Just make it recognize the operator tokens you're interested in and if
a string parsers w/o errors then you know it's safe to eval().

I probably won't get to writing this myself for a few days or a week,
but if you do will you post it here (or send me a copy)? I'll do the
same if I get to it sooner.

Regards,
~Simon

 

[Matimus]

Is there a simple/safe expression evaluator I can use in a python
program. I just want to pass along a string in the form "1 + 44 / 3" or
perhaps "1 + (-4.3*5)" and get a numeric result.

I can do this with eval() but I really don't want to subject my users to
the problems with that method.

In this use I don't need python to worry about complex numbers,
variables or anything else. Just do the math on a set of values. Would
eval() with some restricted list of permitted operators do the trick?

I'm feeling too lazy to write/debug my own parser for this

Thanks, Bob.

Here is something that I wrote using the _ast module. It works pretty
well, and might be a good example for others wanting to experiment
with the _ast module. On a related note... if anybody wants to provide
feedback on this code it would be much appreciated.
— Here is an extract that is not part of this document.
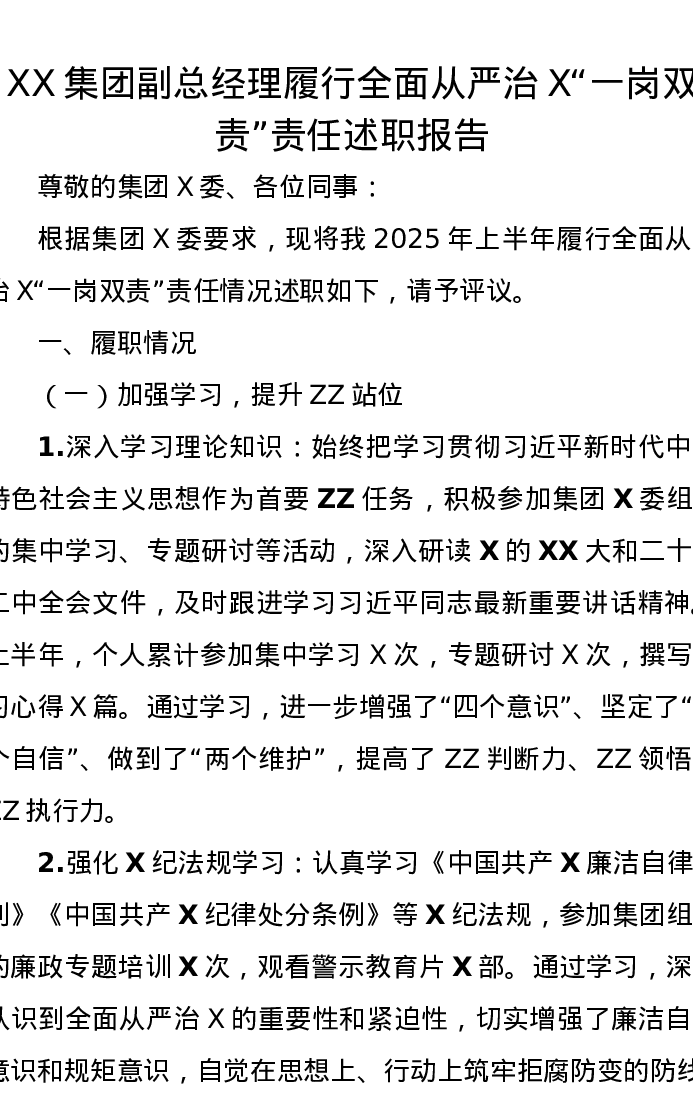 XX集团副总经理履行全面从严治党“一岗双责”责任述职报告

It involves a lot
of if/elif branches, and feels ugly.

Matt

import _ast

class SafeEvalError(Exception):
    pass

class UnsafeCode(SafeEvalError):
    pass

# safe types:
#   Sequences:
#       list, tuple, dict, set, frozen_set*
#   Literals: str, unicode, int, long, complex, float
def safe_eval(text):
    "similar to eval, but only works on literals"
    ast = compile(text, "<string>", 'exec', _ast.PyCF_ONLY_AST)
    return _traverse(ast.body[0].value)

def _traverse(ast):
    if isinstance(ast, _ast.List):
        return [_traverse(el) for el in ast.elts]
    elif isinstance(ast, _ast.Tuple):
        return tuple(_traverse(el) for el in ast.elts)
    elif isinstance(ast, _ast.Dict):
        return dict(
                zip(
                    (_traverse(k) for k in ast.keys),
                    (_traverse(v) for v in ast.values)
                    )
                )
    elif isinstance(ast, _ast.Str):
        return ast.s
    elif isinstance(ast, _ast.Num):
        return ast.n
    elif isinstance(ast, _ast.Expr):
        return _traverse(ast.value)
    elif isinstance(ast, _ast.BinOp):
        if isinstance(ast.op, _ast.Add):
            return _traverse(ast.left) + _traverse(ast.right)
        elif isinstance(ast.op, _ast.Sub):
            return _traverse(ast.left) - _traverse(ast.right)
        elif isinstance(ast.op, _ast.Div):
            return _traverse(ast.left) / _traverse(ast.right)
        elif isinstance(ast.op, _ast.FloorDiv):
            return _traverse(ast.left) // _traverse(ast.right)
        elif isinstance(ast.op, _ast.Mod):
            return _traverse(ast.left) % _traverse(ast.right)
        elif isinstance(ast.op, _ast.Mult):
            return _traverse(ast.left) * _traverse(ast.right)
        elif isinstance(ast.op, _ast.Pow):
            return _traverse(ast.left) ** _traverse(ast.right)
        elif isinstance(ast.op, _ast.BitAnd):
            return _traverse(ast.left) & _traverse(ast.right)
        elif isinstance(ast.op, _ast.BitOr):
            return _traverse(ast.left) | _traverse(ast.right)
        elif isinstance(ast.op, _ast.BitXor):
            return _traverse(ast.left) ^ _traverse(ast.right)
        elif isinstance(ast.op, _ast.LShift):
            return _traverse(ast.left) << _traverse(ast.right)
        elif isinstance(ast.op, _ast.RShift):
            return _traverse(ast.left) >> _traverse(ast.right)
    elif isinstance(ast, _ast.BoolOp):
        if isinstance(ast.op, _ast.And):
            return all(_traverse(v) for v in ast.values)
        if isinstance(ast.op, _ast.Or):
            return any(_traverse(v) for v in ast.values)
    elif isinstance(ast, _ast.UnaryOp):
        if isinstance(ast.op, _ast.Invert):
            return _traverse(ast.operand)
        if isinstance(ast.op, _ast.USub):
            return -_traverse(ast.operand)
        if isinstance(ast.op, _ast.UAdd):
            return +_traverse(ast.operand)
        if isinstance(ast.op, _ast.Not):
            return not _traverse(ast.operand)


    raise UnsafeCode()

if __name__ == "__main__":
    print safe_eval("[1,2,3,{'hello':1}, (1,-2,3)], 4j, 1+5j, ~1+2*3")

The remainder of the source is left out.